*Task details:* Please copy exactly the part of the records below that opens with the line containing "1、下载360压缩软件安装包到电脑上,右键选择【解压到360压缩\】" and closes with the line containing "下面是梓阳的免费知识星球,平", leaving out any pictures.

*Supplied information:*
- Opening Delimiter -

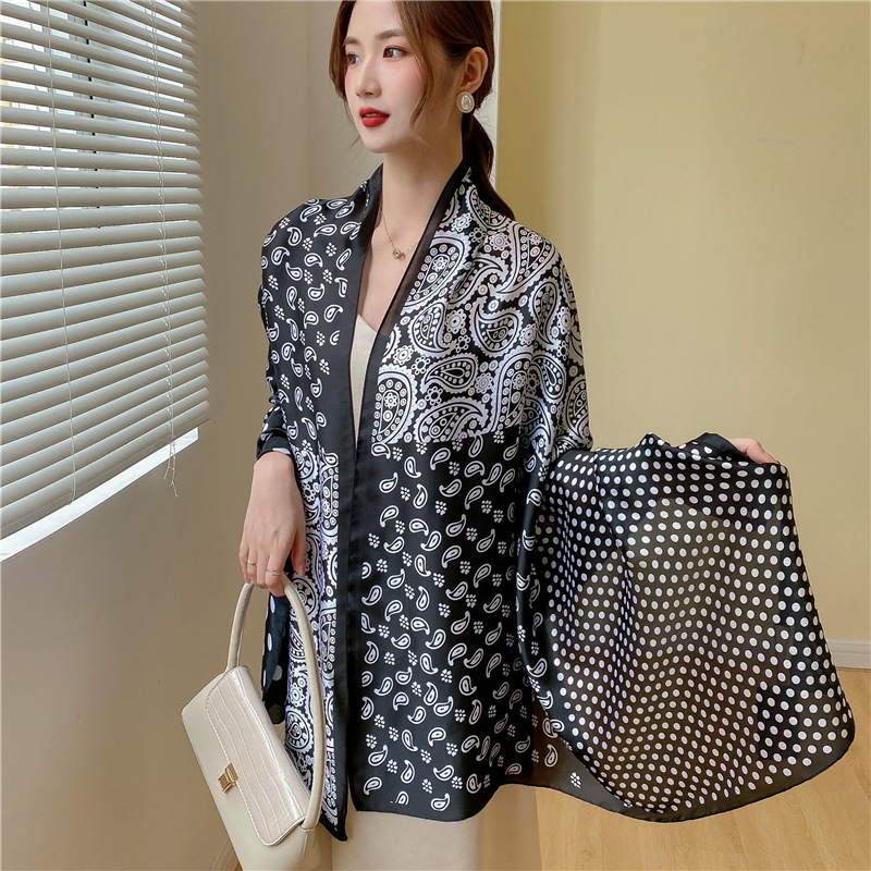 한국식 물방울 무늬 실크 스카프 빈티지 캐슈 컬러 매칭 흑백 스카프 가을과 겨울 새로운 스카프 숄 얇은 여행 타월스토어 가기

- Closing Delimiter -
- Opening Delimiter -

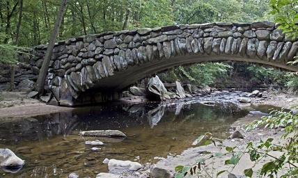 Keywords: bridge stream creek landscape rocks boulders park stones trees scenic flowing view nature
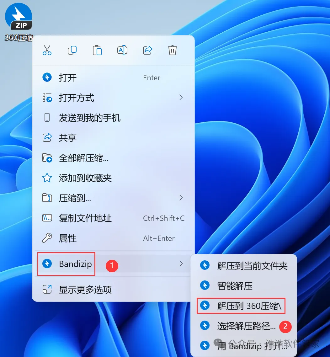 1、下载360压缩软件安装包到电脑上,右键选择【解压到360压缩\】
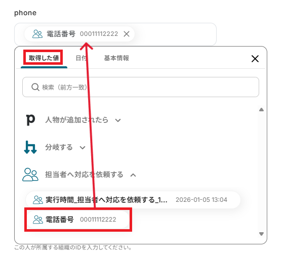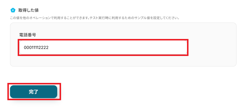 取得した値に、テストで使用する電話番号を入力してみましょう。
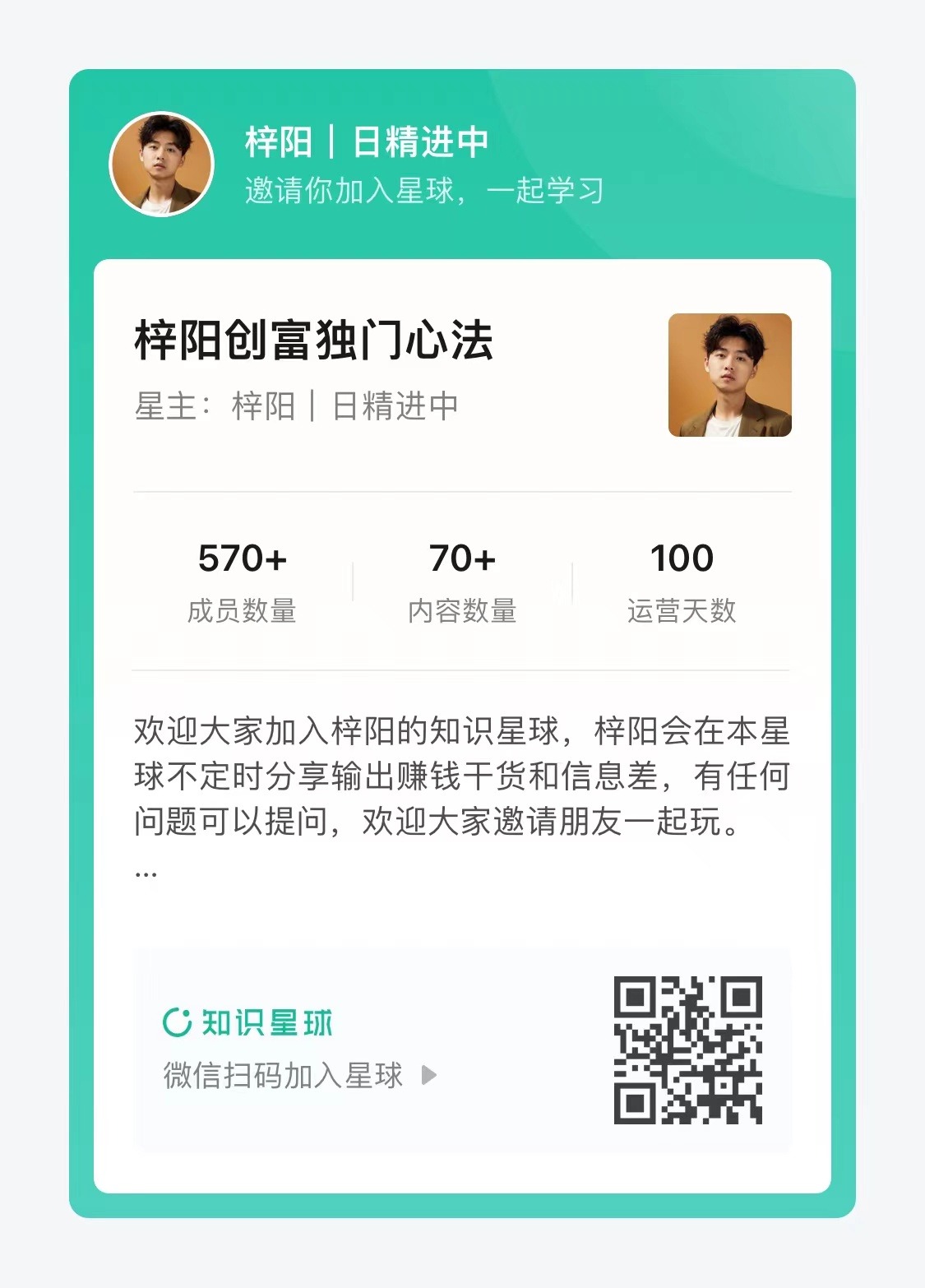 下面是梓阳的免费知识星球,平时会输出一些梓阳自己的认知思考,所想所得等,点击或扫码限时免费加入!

- Closing Delimiter -

*Your solution:*
 1、下载360压缩软件安装包到电脑上,右键选择【解压到360压缩\】
 取得した値に、テストで使用する電話番号を入力してみましょう。
 下面是梓阳的免费知识星球,平时会输出一些梓阳自己的认知思考,所想所得等,点击或扫码限时免费加入!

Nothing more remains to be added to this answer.